Le Dr Pilø nous dit: «Je suis né au Danemark, je suis danois. Je suis arrivé en Norvège en 1981. J’ai fait mon doctorat en archéologie à l’Université d’Oslo.

«Jusqu’à ce que l’archéologie glaciaire décolle, j’ai travaillé avec l’archéologie des colonies dans les basses terres.

«Mais, j’ai toujours eu un fort intérêt pour les travaux de terrain complexes et difficiles. C’est en quelque sorte ce qui me déclenche.

«J’ai eu la chance de rejoindre le programme d’archéologie glaciaire en 2007, et j’ai simplement tout abandonné. Je fais ça depuis.

Quels sont les défis liés au métier d’archéologue des glaces?

«Je ne suis pas sûr des défis.
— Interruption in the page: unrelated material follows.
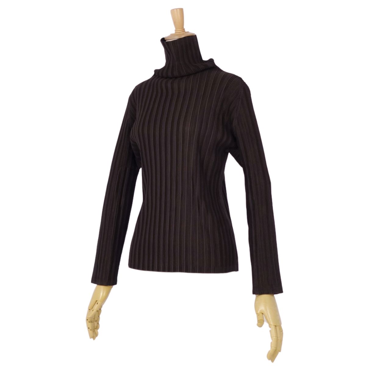 プリーツプリーズ イッセイミヤケ PLEATS PLEASE シャツ ブラウス ハイネック プリーツ トップス レディース ブラウン サイズ3(L相当)

J’aime la complexité du travail de terrain.

«Vous devez planifier les choses très méticuleusement à l’avance, car une fois que vous êtes là-haut, si vous n’avez pas tout l’équipement nécessaire, vous êtes coincé.

«Avoir le bon équipement, les bonnes personnes pour faire leur travail spécifique et faire le travail de manière professionnelle est crucial. Notre objectif est toujours de sauver autant d’objets que possible lorsque nous sommes là-haut.

«Et puis j’aime son imprévisibilité.

«En 2013, par exemple, nous sommes arrivés sur un site de montagne. Nous sommes arrivés tard dans la soirée, avons installé le camp et étions prêts pour le travail sur le terrain le lendemain matin.

«Jusqu’à ce que nous ayons 20 centimètres de neige pendant la nuit, c’est-à-dire.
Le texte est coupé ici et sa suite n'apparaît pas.